# [TASK PROMPT]
Below are some records. Write out exactly their lines from the one with "What a really" through the one with "The feature maps", and leave the pictures behind.

# [DATA SHOWN]
※
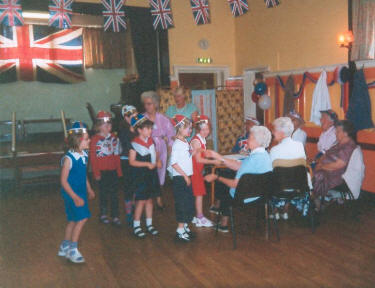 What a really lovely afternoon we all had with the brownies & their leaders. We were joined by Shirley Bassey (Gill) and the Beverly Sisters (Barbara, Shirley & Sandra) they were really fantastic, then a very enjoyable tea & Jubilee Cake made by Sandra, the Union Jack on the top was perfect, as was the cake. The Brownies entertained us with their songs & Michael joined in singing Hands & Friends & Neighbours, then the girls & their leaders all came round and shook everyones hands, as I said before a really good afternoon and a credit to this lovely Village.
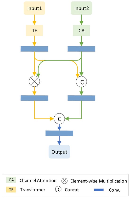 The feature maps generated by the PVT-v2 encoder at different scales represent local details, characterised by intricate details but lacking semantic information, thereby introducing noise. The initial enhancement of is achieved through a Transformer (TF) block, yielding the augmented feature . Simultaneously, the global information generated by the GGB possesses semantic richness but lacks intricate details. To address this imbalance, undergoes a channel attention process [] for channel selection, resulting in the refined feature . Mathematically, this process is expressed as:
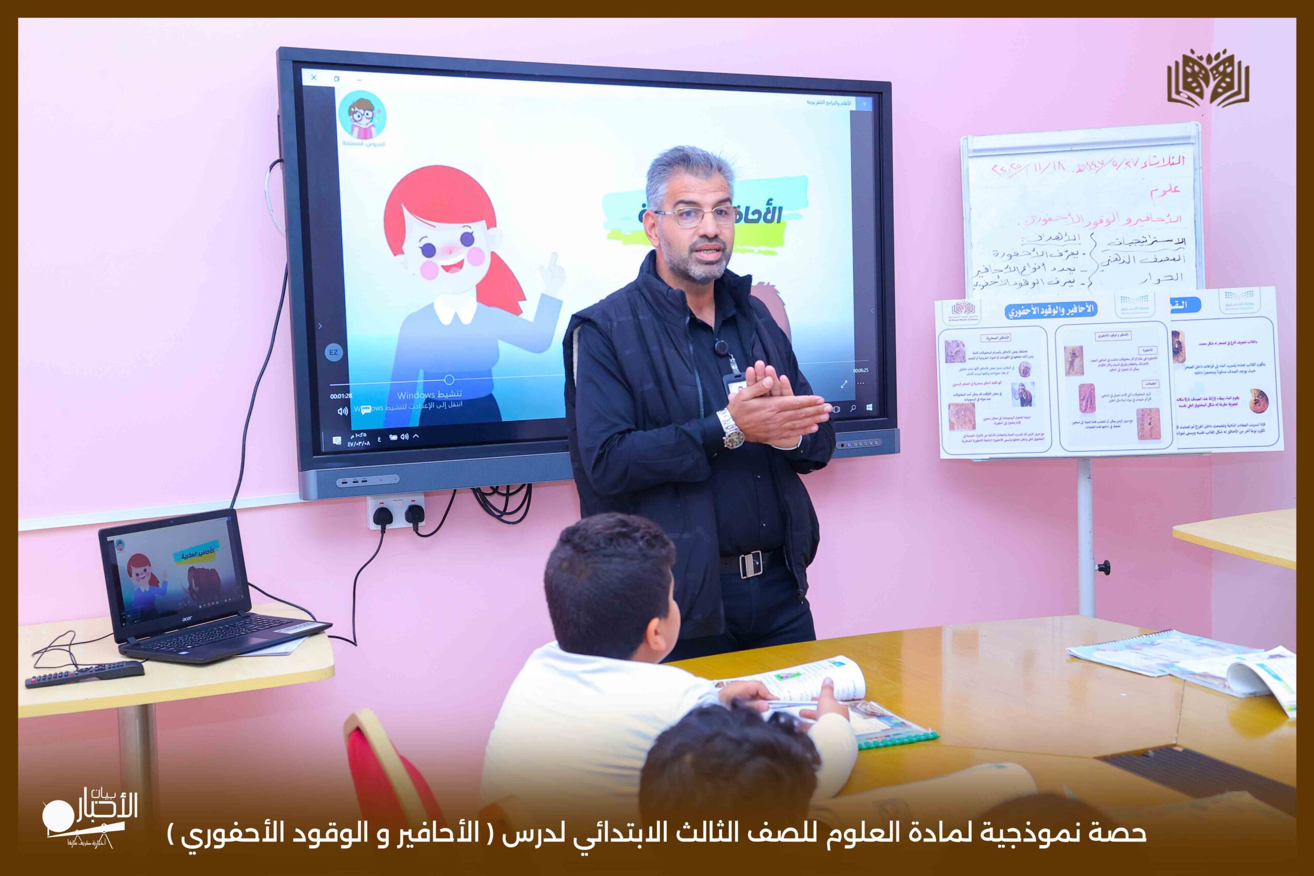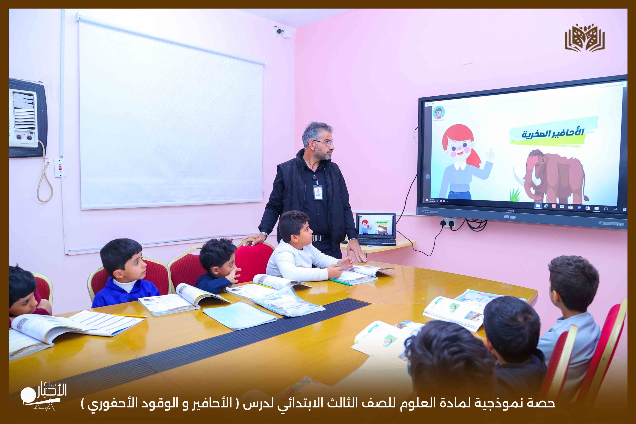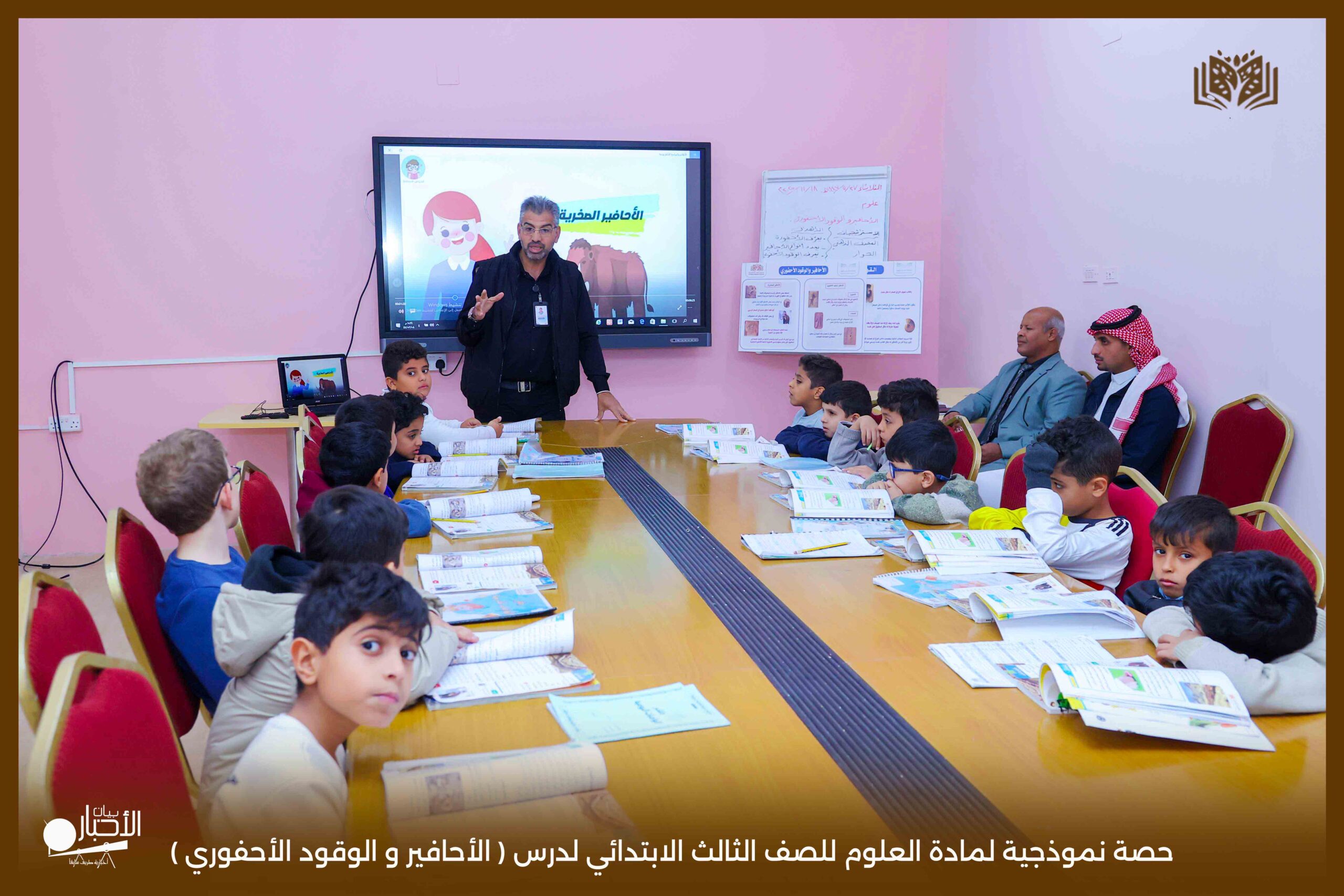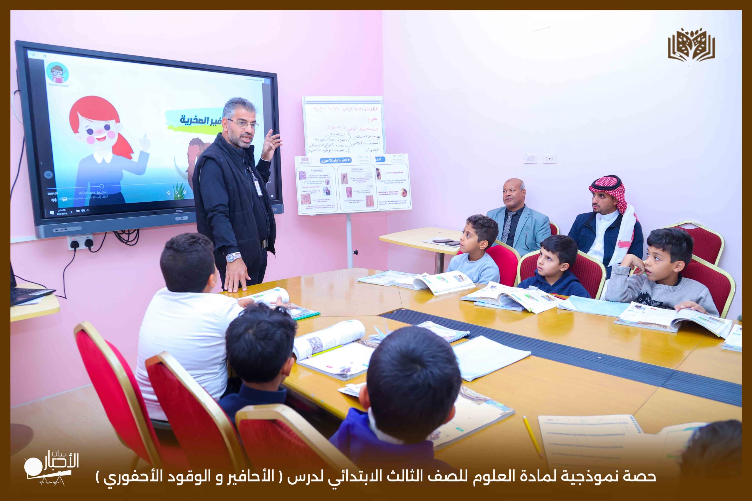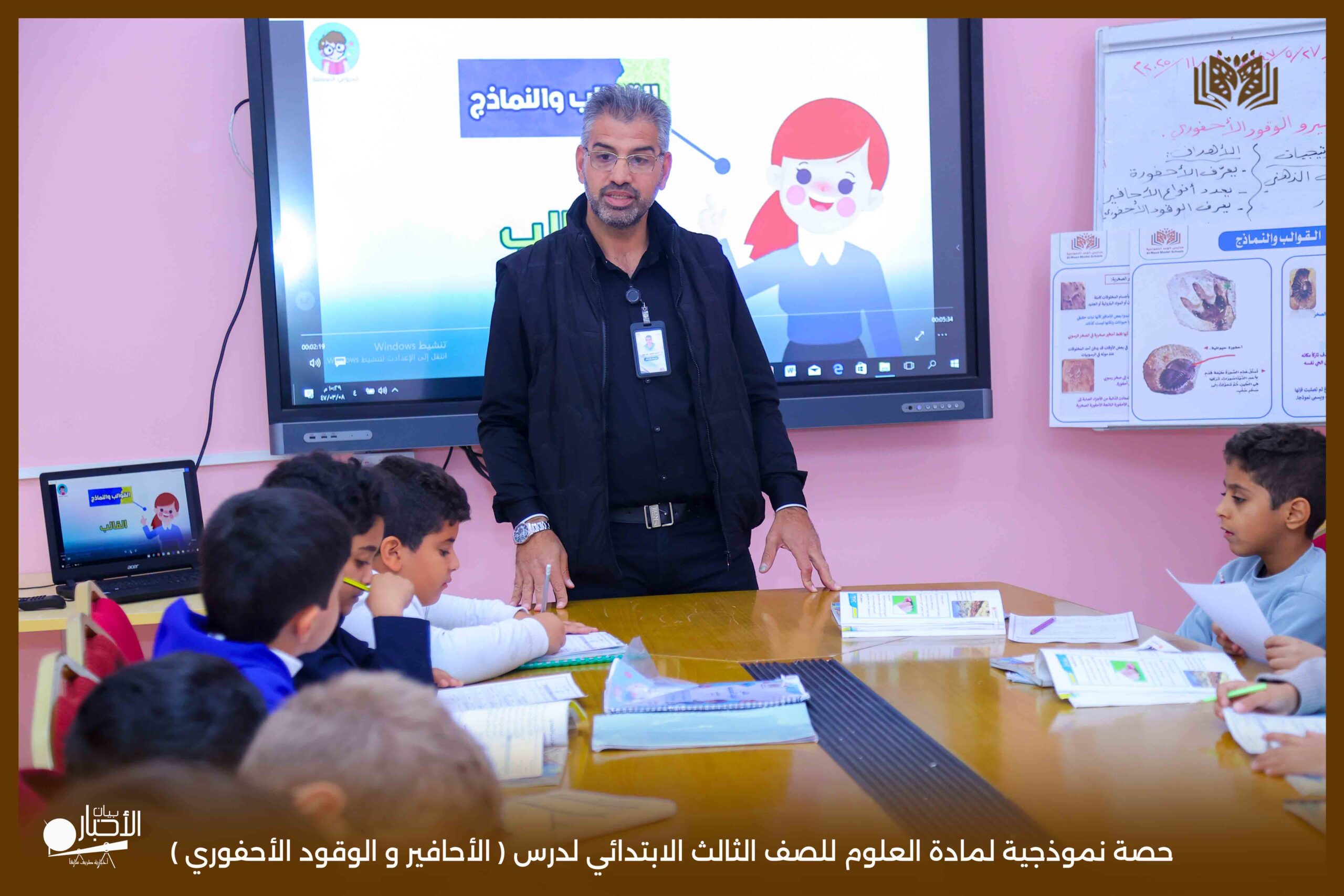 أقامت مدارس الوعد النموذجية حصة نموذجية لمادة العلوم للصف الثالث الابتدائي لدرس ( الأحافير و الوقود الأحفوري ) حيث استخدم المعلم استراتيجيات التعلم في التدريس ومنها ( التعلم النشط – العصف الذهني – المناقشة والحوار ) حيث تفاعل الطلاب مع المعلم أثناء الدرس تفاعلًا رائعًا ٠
※
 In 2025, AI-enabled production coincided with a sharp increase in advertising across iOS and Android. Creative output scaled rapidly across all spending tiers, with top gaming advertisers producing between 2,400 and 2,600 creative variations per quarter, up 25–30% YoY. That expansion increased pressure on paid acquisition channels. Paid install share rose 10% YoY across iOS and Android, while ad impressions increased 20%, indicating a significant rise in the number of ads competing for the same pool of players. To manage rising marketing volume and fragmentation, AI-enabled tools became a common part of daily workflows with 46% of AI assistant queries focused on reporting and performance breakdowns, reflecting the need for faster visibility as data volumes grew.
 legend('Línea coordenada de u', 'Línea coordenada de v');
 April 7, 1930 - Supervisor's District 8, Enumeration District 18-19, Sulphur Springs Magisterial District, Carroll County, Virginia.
※
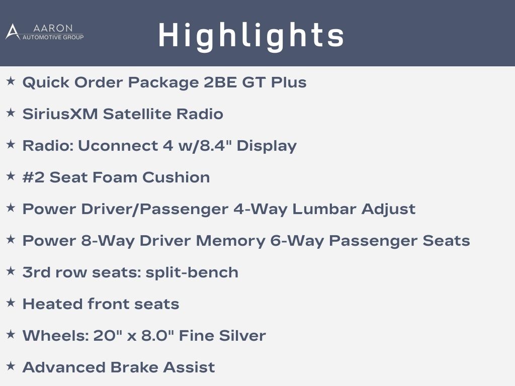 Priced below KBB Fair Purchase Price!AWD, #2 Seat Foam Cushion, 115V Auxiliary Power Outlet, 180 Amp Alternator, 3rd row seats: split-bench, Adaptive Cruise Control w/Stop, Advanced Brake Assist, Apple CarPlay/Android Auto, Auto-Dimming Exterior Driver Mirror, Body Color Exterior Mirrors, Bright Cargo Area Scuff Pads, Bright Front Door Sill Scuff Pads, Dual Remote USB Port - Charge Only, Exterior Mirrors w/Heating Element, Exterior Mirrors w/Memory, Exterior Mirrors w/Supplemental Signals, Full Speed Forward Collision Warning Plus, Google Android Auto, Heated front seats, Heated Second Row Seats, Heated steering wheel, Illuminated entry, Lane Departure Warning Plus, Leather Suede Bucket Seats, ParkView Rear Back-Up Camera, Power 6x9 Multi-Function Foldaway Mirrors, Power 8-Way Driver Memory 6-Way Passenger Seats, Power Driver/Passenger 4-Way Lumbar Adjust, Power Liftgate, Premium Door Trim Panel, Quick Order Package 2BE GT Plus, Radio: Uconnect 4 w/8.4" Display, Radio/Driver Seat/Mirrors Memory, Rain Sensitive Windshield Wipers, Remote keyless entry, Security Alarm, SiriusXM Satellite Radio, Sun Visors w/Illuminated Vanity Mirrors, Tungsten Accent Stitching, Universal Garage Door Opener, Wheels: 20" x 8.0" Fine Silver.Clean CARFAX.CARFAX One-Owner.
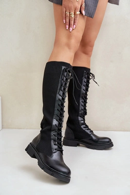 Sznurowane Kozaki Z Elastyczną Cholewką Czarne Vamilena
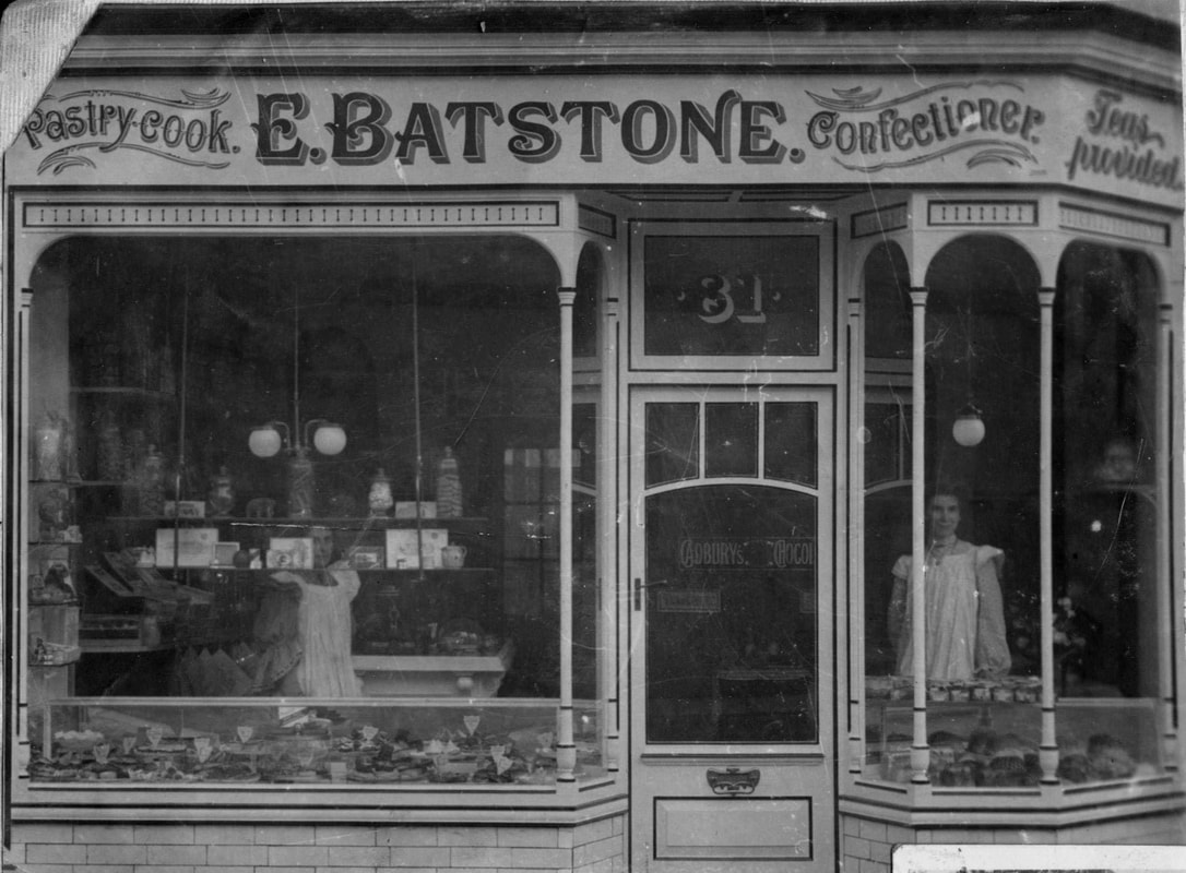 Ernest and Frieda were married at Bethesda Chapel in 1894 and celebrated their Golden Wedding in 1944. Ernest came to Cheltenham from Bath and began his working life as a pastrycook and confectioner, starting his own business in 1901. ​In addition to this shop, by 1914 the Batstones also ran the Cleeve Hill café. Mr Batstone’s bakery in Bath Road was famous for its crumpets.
※
# [SOLUTION TO THE EXERCISE]
 What a really lovely afternoon we all had with the brownies & their leaders. We were joined by Shirley Bassey (Gill) and the Beverly Sisters (Barbara, Shirley & Sandra) they were really fantastic, then a very enjoyable tea & Jubilee Cake made by Sandra, the Union Jack on the top was perfect, as was the cake. The Brownies entertained us with their songs & Michael joined in singing Hands & Friends & Neighbours, then the girls & their leaders all came round and shook everyones hands, as I said before a really good afternoon and a credit to this lovely Village.
 The feature maps generated by the PVT-v2 encoder at different scales represent local details, characterised by intricate details but lacking semantic information, thereby introducing noise. The initial enhancement of is achieved through a Transformer (TF) block, yielding the augmented feature . Simultaneously, the global information generated by the GGB possesses semantic richness but lacks intricate details. To address this imbalance, undergoes a channel attention process [] for channel selection, resulting in the refined feature . Mathematically, this process is expressed as:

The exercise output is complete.